My tweets were a shared diary recording conclusions I
arrived at. For a global event, the
things missing that should have been in place prior to any emergency.
•
2.3(a)
Historical Data for a minimum of three years ideally five that included
mortality data & population for diseases. Commonwealth Government historical basic data
on a similar disease or access to preferably State & territory data
totals. This is basic information that
anyone using historic benchmarks e.g. on all diseases in the public domain
should have access to. How can any
community group make accurate Public Submissions on health issues if it can't
get basic information on health? This
data may have been available in medical programs not accessible to the
public. However, in a real major event,
information needs to be out in the public domain fast. No-one knows who the last men or women
standing will be and where information to help can come from. Each & every
community with or without a doctor needs to be able to access resources that
give them a guide. It needs to be pre-circulated in hard copy format, because
we don't know what power or communications will still be manned or access enabled. I had to rebuild national totals for medical
information from various sources to give me milestone determinants to get
historical data.
•
2.3(b)
Accurate information from the National Chief Medical Officer and Minister. Even after weeks of media saturating the news
with reports of COVID19. At no time did I see anything put in the Public domain
showing basic information that could have alleviated public panic. China to
Australia population ratio 1.44Bil:24.6Mil & Australia is about 80% the
size of China. It was a long time before anyone pointed out it was winter
and China's flu season. It was a long time before anyone raised Coronavirus was
from the virus family of the common cold.

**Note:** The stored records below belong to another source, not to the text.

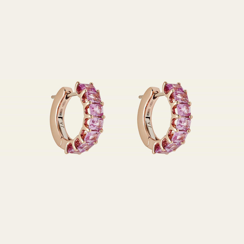 Emerald-Cut Pink Sapphire Hoop Earrings
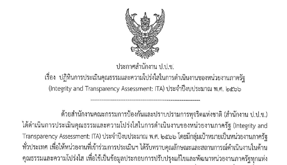 ด้วยคณะกรรมการ ป.ป.ช. ในการประชุมครั้งที่ 133/2565 เมื่อวันที่ 23 พฤศจิกายน 2565 ได้มีมติเห็นชอบกรอบระยะเวลาการประเมินคุณธรรมและความโปร่งใสในการดำเนินงานของหน่วยงานภาครัฐ (Integrity and Transparency Assessment: ITA) ประจำปีงบประมาณ พ.ศ. 2566 เป็นที่เรียบร้อยแล้ว
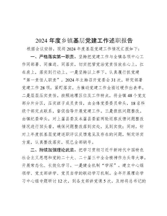2024年度乡镇基层党建工作述职报告 2024-12-19 Word模板 88 购买前,请一定要先点击这里看看,欢迎持续关注,精彩模板每天推送 预览结束,本文件为word文档,一共6页,共2589字,请购买后,下载后查看 购买前,请一定要先点击这里看看,欢迎持续关注,精彩模板每天推送 资源下载下载价格29 RMBVIP免费升级VIP点击检测网盘有效后购买有任何充值和下载问题请加微信:xuexixuexi66 0 总结汇报

Had this information been given very early COVID19 panic would not have happened.
This level of panic to be blunt was created.
This was coronavirus with spread likely to be at the same rate as the
flu. I had to rebuild national totals from the information from various sources
to give me milestone determinants to get historical data, but it was achievable
to show worse case scenario on lethal
severity using quantitative data not "high theoretical" Novel
modelling using qualitative data. In my opinion the qualitative data was used
because the figures showed very early that COVID19 was not a major threat.
• 2.3(c) A Chief Medical Officer that is totally independent
of Government, the Opposition & the
Public
Service. Almost all of the early
information I heard from both CMO Murphy and Minister Greg Hunt was poor. It excluded information from other countries
and was poorly researched for what was touted as Novel. On key things like surface life and
recurrence, despite multiple reports from various countries including China all
giving what I consider was key information on same these two stood together and
both discounted same. The incorrect information from these two increased the
panic, because that information was already in the Public domain. This is a democracy. I am not in the least
bit impressed, with any argument that limits my access to health information of
any kind as long as I can see the sources.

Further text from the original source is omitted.